Mistakes are a way of life in every organization notwithstanding the attempts to achieve an error-free working environment. Mistakes, however, can be a source of opportunity — enhanced customer satisfaction and loyalty — if the right steps are taken when a screwup is made.

Dazzling service recovery = (Fix the OOPS! within 24 hours) + (Surprise the customer with something they don’t expect)

It’s a leader’s responsibility to put in place these 11 elements necessary to execute an effective recovery system and make it a way of life in their organization.

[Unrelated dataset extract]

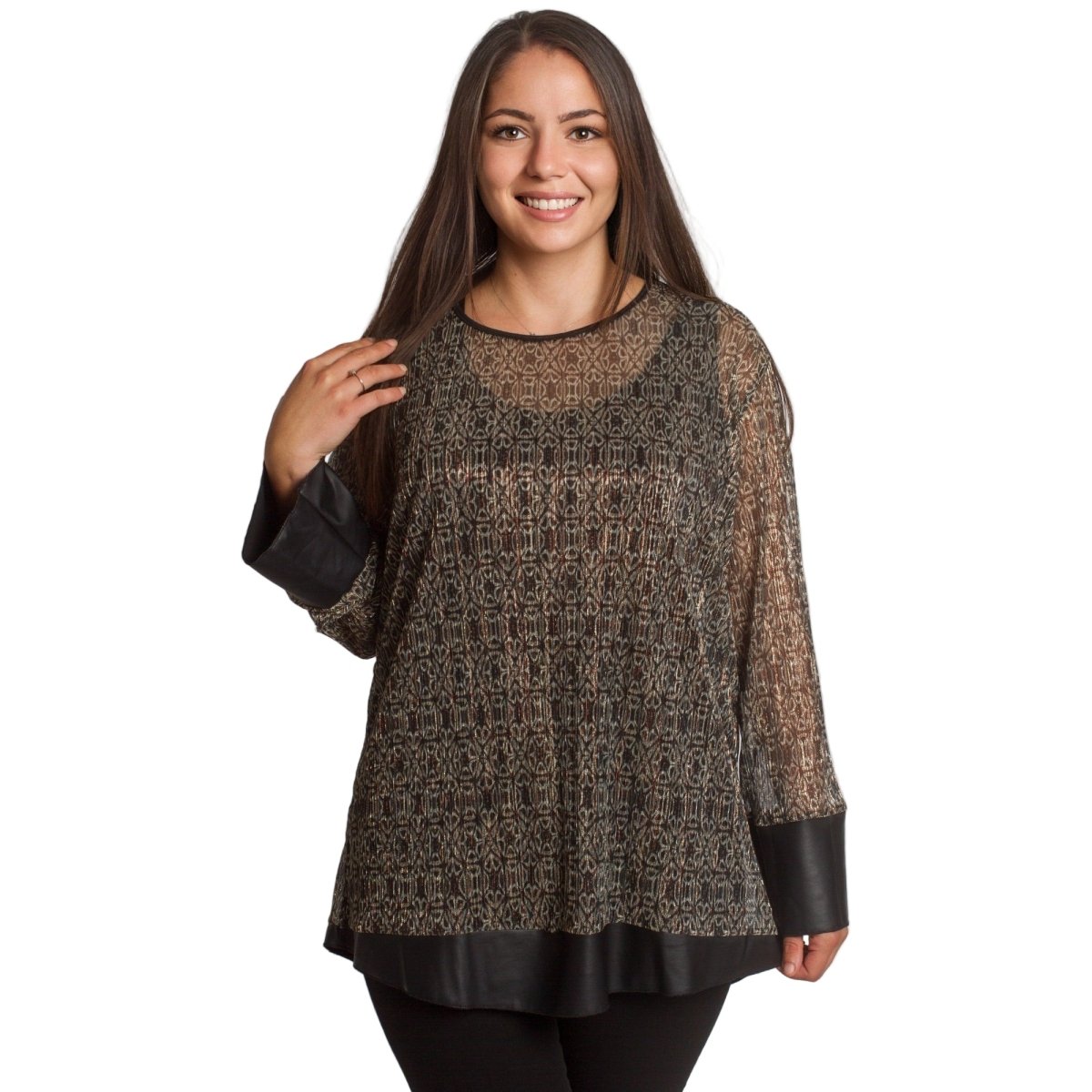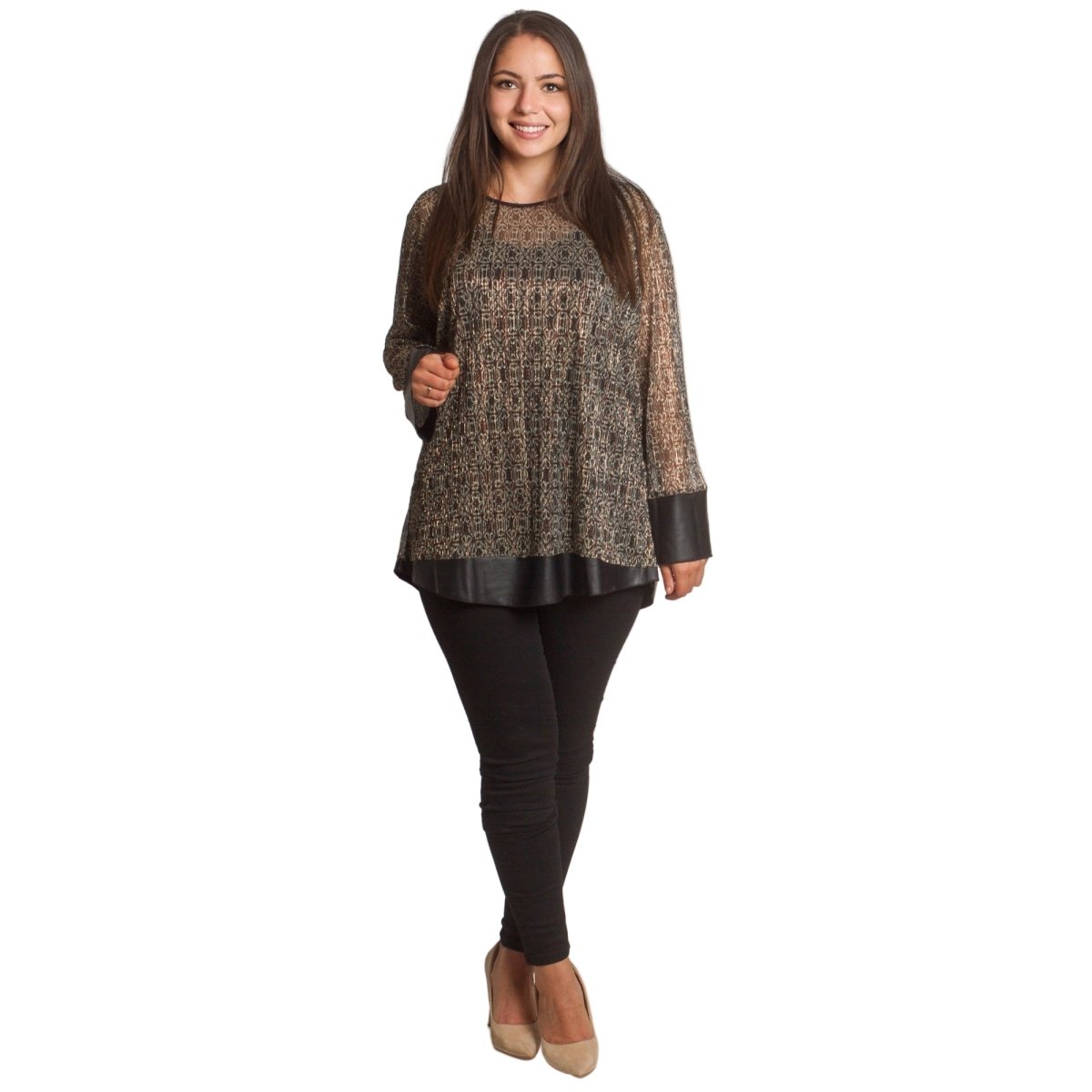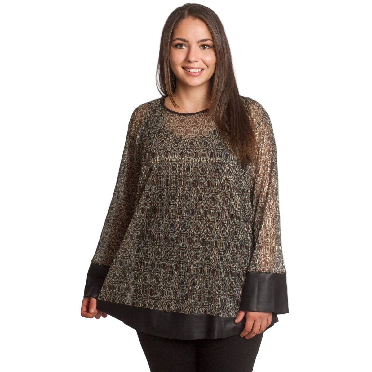 Стилна туника в наситен многоцветен абстрактен десен с преобладаващи лилави и тъмни тонове. Моделът е с права кройка и кръгло деколте, което подчертава класическата линия. Към туниката е включен потник отдолу за повече комфорт и практичност. Изработена от удобна еластична материя, туниката пада свободно по тялото, а декоративният кант в долната част и маншетите придават модерен завършек. Подходяща е както за ежедневието, така и за официални поводи.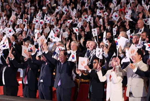| ▲한덕수 국무총리가 9일 오전 서울 종로구 세종문화회관에서 열린 제578돌 한글날 경축식에서 만세삼창을 하고 있다. (사진= 뉴스1) |

1. Service strategy — amazing service recovery doesn’t happen through serendipity. It requires a comprehensive strategy defining the outcomes expected and the way to achieve them. Focus on execution;

2. Togetherness — the relationship between the customer, the breakdown event and the organization must be tight. Seamless recovery demands all teams in the organization working unbelievably well together;

3. Connectivity — hyper-communications is essential to enable the recovery process: customer contact when the disaster event happens, follow up, status reports and final resolution;

4. Secrets — you need to know the secrets of the person being screwed over if you want a recovery that will blow the customer’s mind;

Find out what would the customer would NOT expect. Remember, a Dazzling Recovery = Fixing the mistake + Doing the Unexpected: the surprise factor;

5. Problem solving — service recovery isn’t about applying the rules and policies of the organization to make things right for the customer; rather it’s about solving the problem that the mistake has created. Make sure your recruitment process looks for proven problem solvers;

6. Celebration —to reinforce the behaviours expected of people in recovery, make sure that you recognize and reward service recovery ‘heroes’ consistently and that you make a big deal of what they do to recover from a blunder and and how they do it;

7. Story telling — further to #6, use storytelling as a way of making explicit the actions that employees must take to affect a successful recovery. Storytelling is an effective way of ‘painting a picture’ of what an expected recovery process looks like. Establish a recovery storytelling channel in your organization and make it a big deal;

8. Training — give employees the skills to execute dazzling recovery as a high priority;

9. The right to actempower people responsibly to ensure that the earth is moved to enact the recovery process. This is a critical point. Recovery is successful and customer loyalty enhanced only I’d the process is completed within 24 hours of the mistake. Speed is required which means that traditional approval processes must be circumvented by allowing people involved in the recovery to make decisions to get it done. Waiting for a manager’s approval to proceed will not only render the recovery useless, it will also demotivate the employee and the overall strategy will be compromised;

Empower people to act and trust they will do the right thing

10. Measurement — service recovery must be seen as business as usual throughout the organization and in order to support this objective, recovery objectives must be set, monitored and displayed throughout the workplace. For objective setting, set a target for the % of mistakes recovered in 24 hours or less and over time move the target close to 100%.
For the surprise factor, ask your victims if they were blown away by something an employee did that they didn’t expect; move this target to 100% as well;

11. Accountability — to make service recovery matter to the entire organization, put recovery expectations into every leader’s performance plan and make it equally important as other balanced scorecard categories such as financial performance and Human Resources;

12. Recruitment — Finally, make sure you have people in the recovery process that ‘like humans’. Employees who innately care about others and who are passionate about rectifying the breakdown event and going the extra mile to blow the customer away are needed to make your recovery strategy come to life.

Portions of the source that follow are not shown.